Parallel v3 map

Hi!

@bbbales2 what do you think about the map function I proposed on the other PR with this signature:

return_t mapped_function(int i, elem_t element_i, args...);

std::vector<return_t> map(mapped_function, std::vector<elem_t> large_container, args...);

I have started to look more into brms and it dawns on me that brms stuff would benefit a lot from a map facility. So what do you think of this signature? Are your tuple utilities matured to some extent such I can use these? Should I branch off the ODE tuple prototype to code this up in a first go or any other suggestions?

I am relatively sure that the building blocks we have in place should allow for a map which is more handy to have in a few situations. The key to make it efficient is to have the mapped large_container be an array of an arbitrary data structure with any complexity. This way there do not need to be many shared arguments which are costly as they get copied quite a bit.

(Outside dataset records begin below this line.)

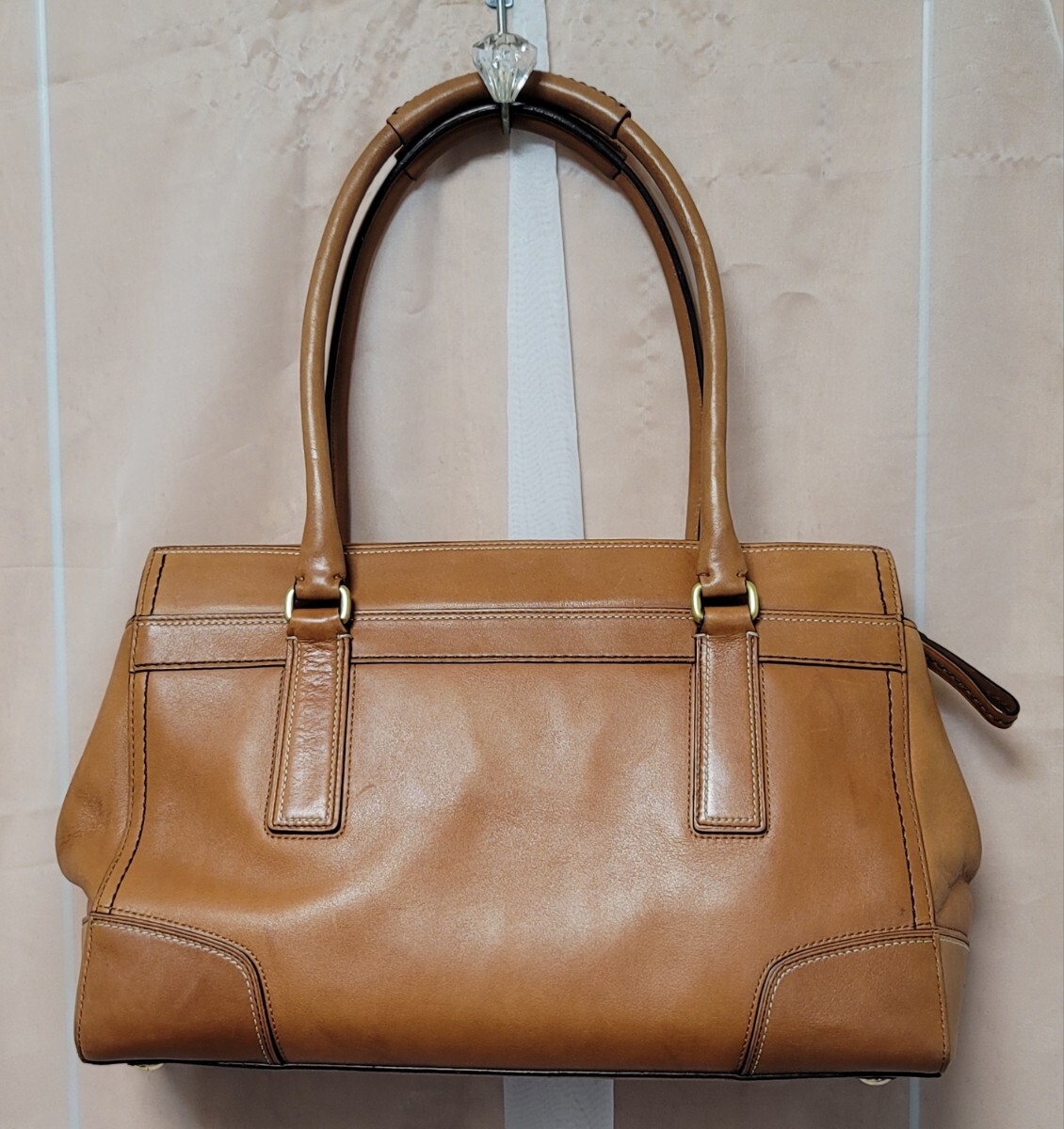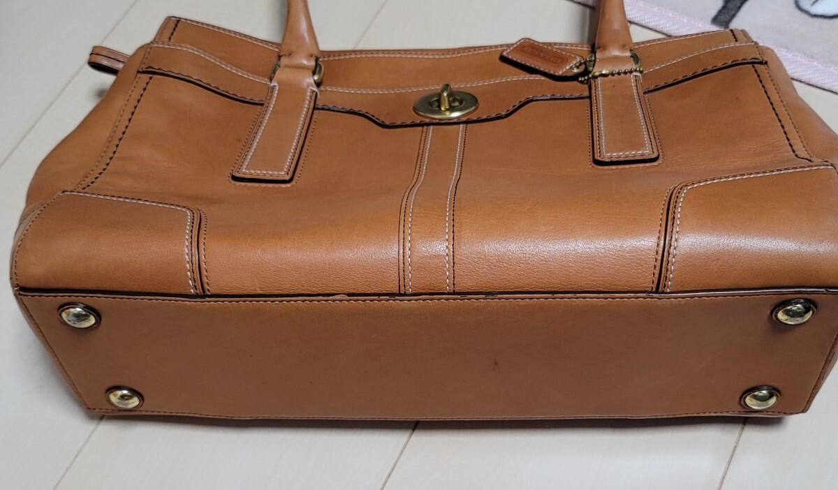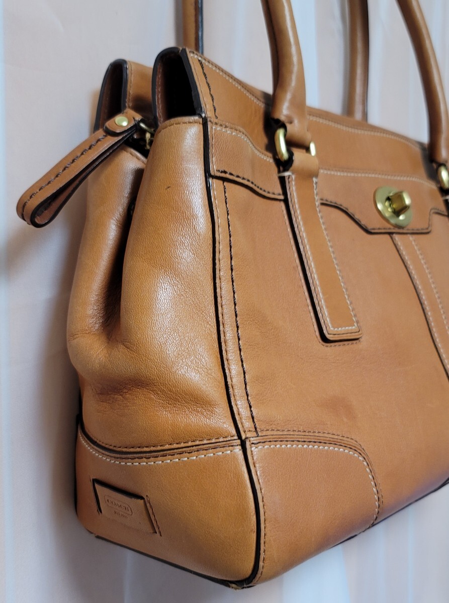 ◆総レザーの自立性のあるトートバッグになります。ファスナー開閉式なので貴重品も安心です。ひねり金具の外ポケットがレトロ調のデザインです。
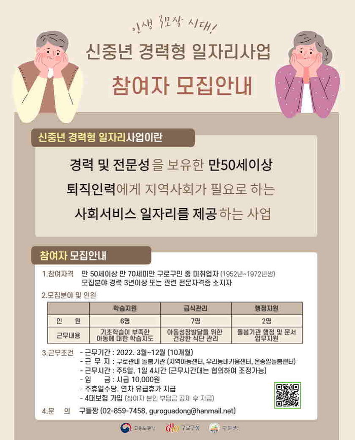 | ▲ 구로구의 ‘신중년 경력형 일자리사업’ 모집안내 홍보 포스터. |
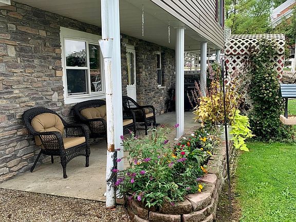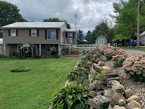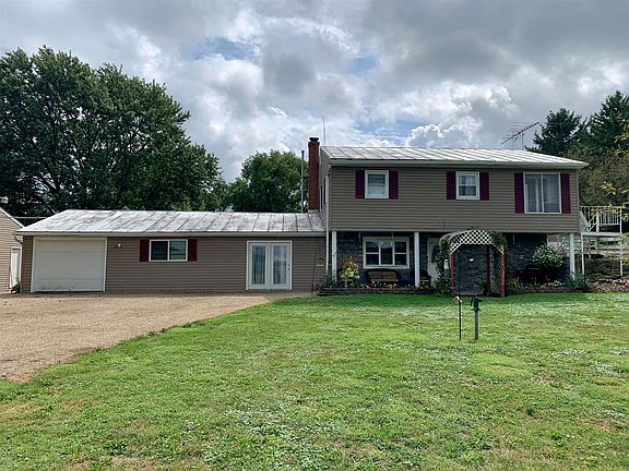 Amazing setting for the outdoor enthusiast! Property offers mature trees that provide great shade, orchard, garden area, shooting/target range, outdoor fire pit, chicken coop, carport & storage shed. 2 car detached garage w/ new 100 amp service offers water, electric, concrete & drain . Dual driveway entrances! Beautiful landscaping! Many updates including newer siding, shutters, stone front, new pillars, & updated windows. New C/A in 2019. Lower level offers updated kitchen w/ oak cabinets, dining room & pantry, family room, updated bath, den/office area, & mud/sun room that walks out to patio area w/ fenced in area for pets! Also a Root Cellar! Upstairs offers additional living room, 3 BR, Full bath, enclosed walk-out porch to rear. One car attached garage. Beautiful country setting

BTW, just to make sure, we are right now waiting for parser gurus to add reduce_sum to the stanc3 world, right?

Sebastian

Would it be possible to get an imaginary example for a stan model with a parallel reduce call and what the underlying hpp would look like (preferably a working hpp file but the c++ signature might suffice).

The wiki contains an example at the bottom (stan + C++).

Here is an example which is in line with the latest code, so use that:

poisson-hierarchical-scale-v3F.stan (3.8 KB)

parallel_reduce-v3F.hpp (3.0 KB)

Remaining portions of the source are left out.